金谷範子展によせて
藤由暁男[福島学院大学教授]

久しぶりにすっきりとした、しかし緊張を求められる展
覧会に出会った。空間構成はさすがで、作家以上に作品
が語りかけてきた。作品はこうあるべきなのだと納得さ
せられる。
白地のフェルトキャンバスに「金谷ブルー」がしみ込ん
で行く。その上に白や金色に輝く線、それは時間を走る
ストロークとなって、飛び出してくる。1メートル幅で
3メートル以上の長さのフェルトが2枚ないし3枚並列
に配置される。それは床から壁に立ち上がるかのように
のび、堅牢な画面はスポットの光をストレートに反射し
ている。
しかしこの作品にはさらなる演出が加えられていた。背
景にある壁の一部が外され、キャンバスの裏側にやわら
かな自然光があたる。その光はキャンバスを透過して色
の持つ特質を押し出してくる。眼前には平面絵画であり
ながら、3D絵画が誕生した瞬間であった。
近年はシリーズ「OverTheGarden」と呼ば
れるように、自宅の庭で制作し、額縁を飛び出した大型
絵画が中心である。その大きな作品は、その大きさ故に
いかに密度の濃い作品に仕上げるかが勝負である。その
為の工夫が面白い。
ある時は自身の饒舌さ以上に、支持体のキャンバスに語
らせる。

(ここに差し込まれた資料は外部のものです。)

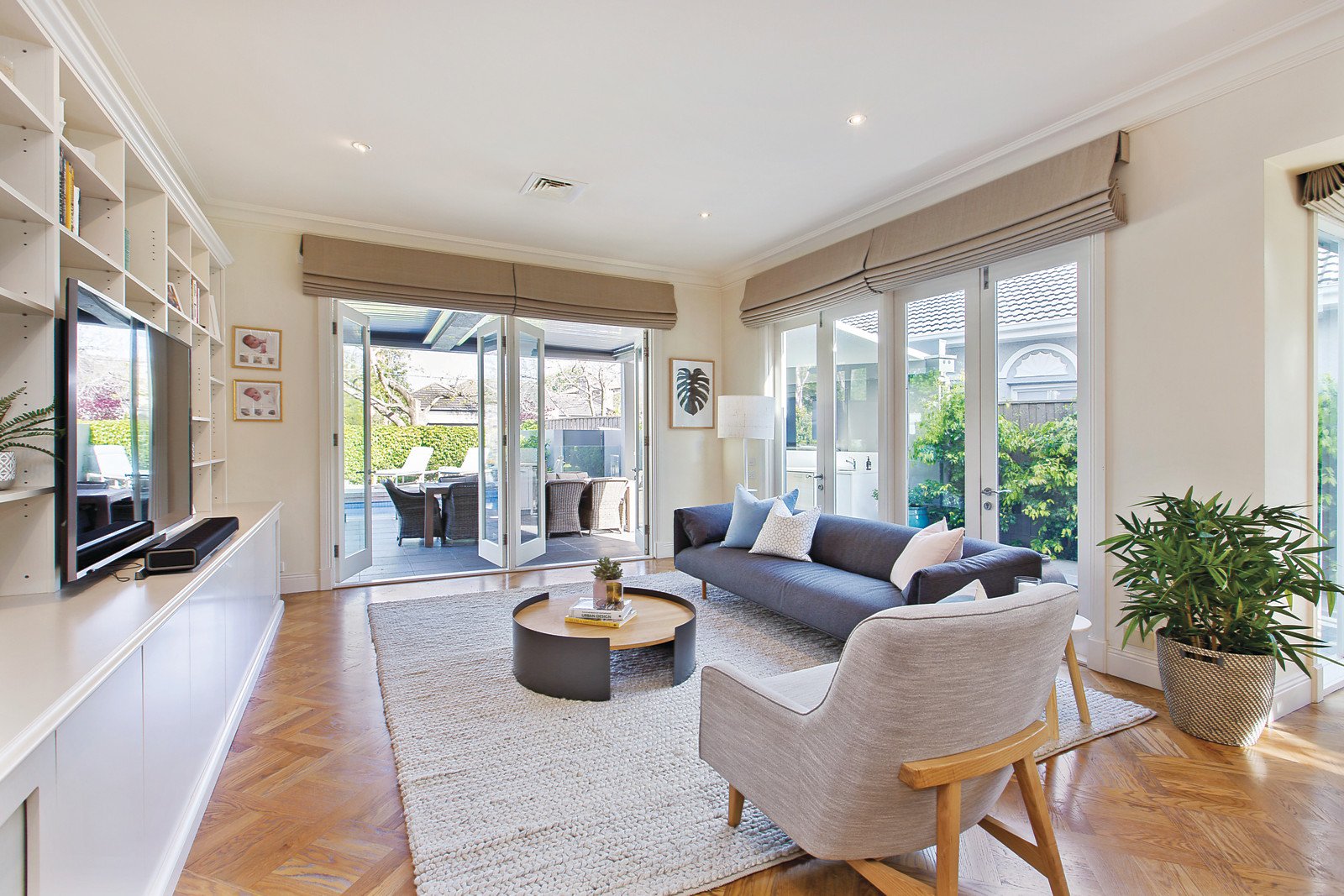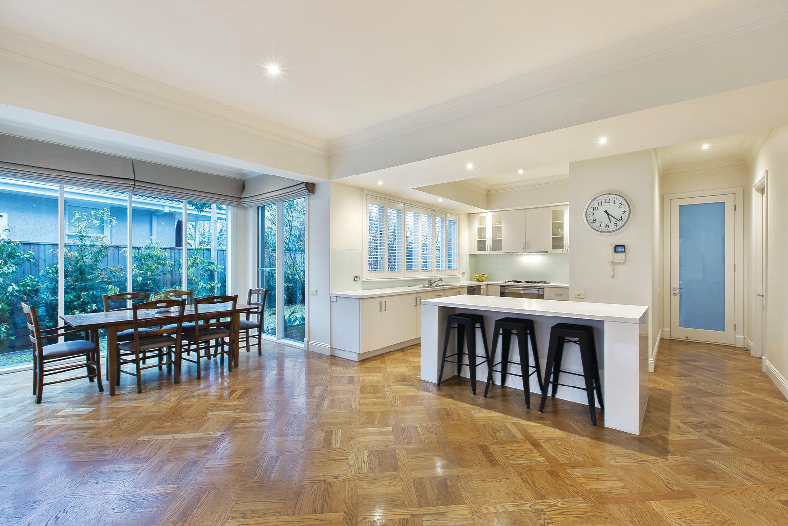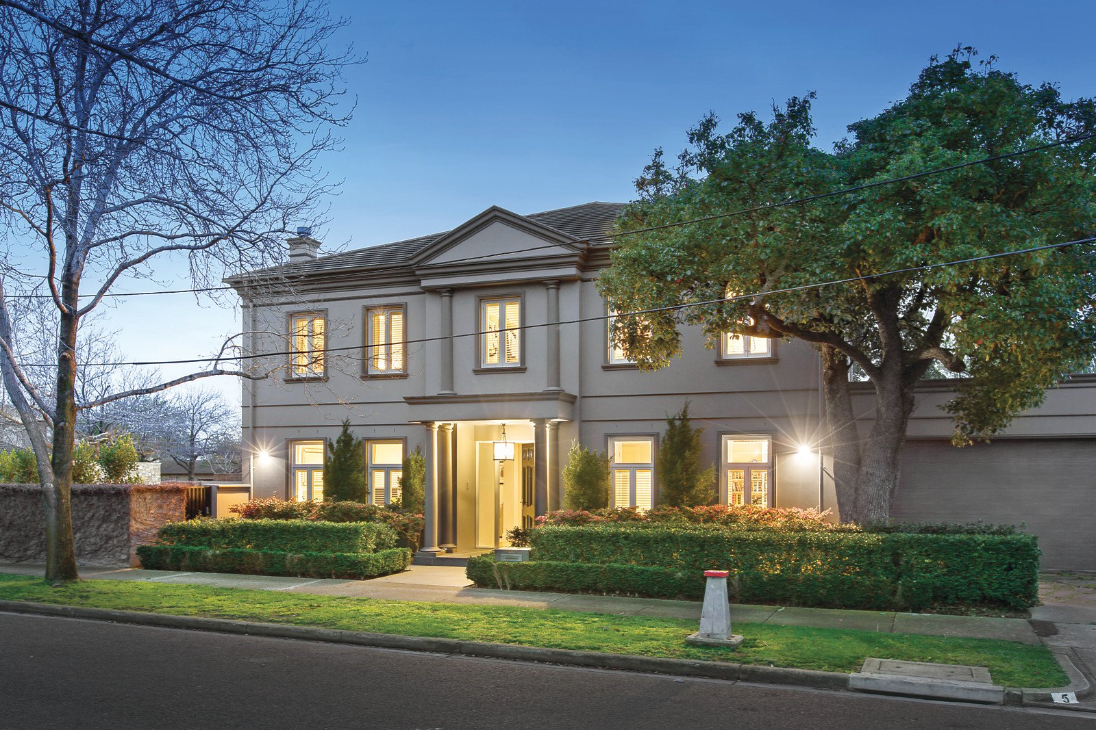Set on a peaceful 687sqm (approx.) allotment, this architect-designed, Georgian-style residence represents the height of luxurious family living and a commanding street presence. Arranged across two levels and introduced by a grand entrance hallway adjacent to formal receptions rooms, a seamless floorplan unfolds. Generously proportioned open-plan informal living and dining spaces with landscaped exterior aspects and bespoke cabinetry are complemented by a contemporary kitchen featuring island bench, stainless-steel appliances and stone benchtops. Flowing effortlessly beyond French doors, a state-of-the-art outdoor entertainment space boasts a bar fridge, inbuilt barbeque, outdoor heating and electric roof louvres - all overlooking a vast pool with water feature and lush garden space. A palatially scaled main suite showcases an extensive walk-in robe and marble ensuite complete with double vanity, large circular spa bath, double shower and sauna. An additional two bedrooms with walk-in robes share a well-appointed central bathroom with separate bath, while a third enjoys direct access to the ground floor bathroom. Also includes large first floor study (or a 5th bedroom), laundry, powder room, outdoor shower, parquetry flooring, Jetmaster fireplace, plantation shutters, ducted vacuum, video intercom, security and surveillance systems, 6000L rainwater storage, fish pond with water feature and garage for four cars.

今回のような樹脂系の不織布であるフェルトで
あったり、荒い布目の麻キャンに確かな支持体を託す。
その上に油絵の具の不自由さを避け、アクリル系絵の具
や塗料といった自由に取り扱うことの出来る素材が縦横
無尽に走り、作家の意図をも超えて濃密な世界を醸し出
す、その絵作りは「瞬間」の勝負となる。とは言ってみ
たが、それは「計算」し尽くされた作家の仕掛けなので
あろう。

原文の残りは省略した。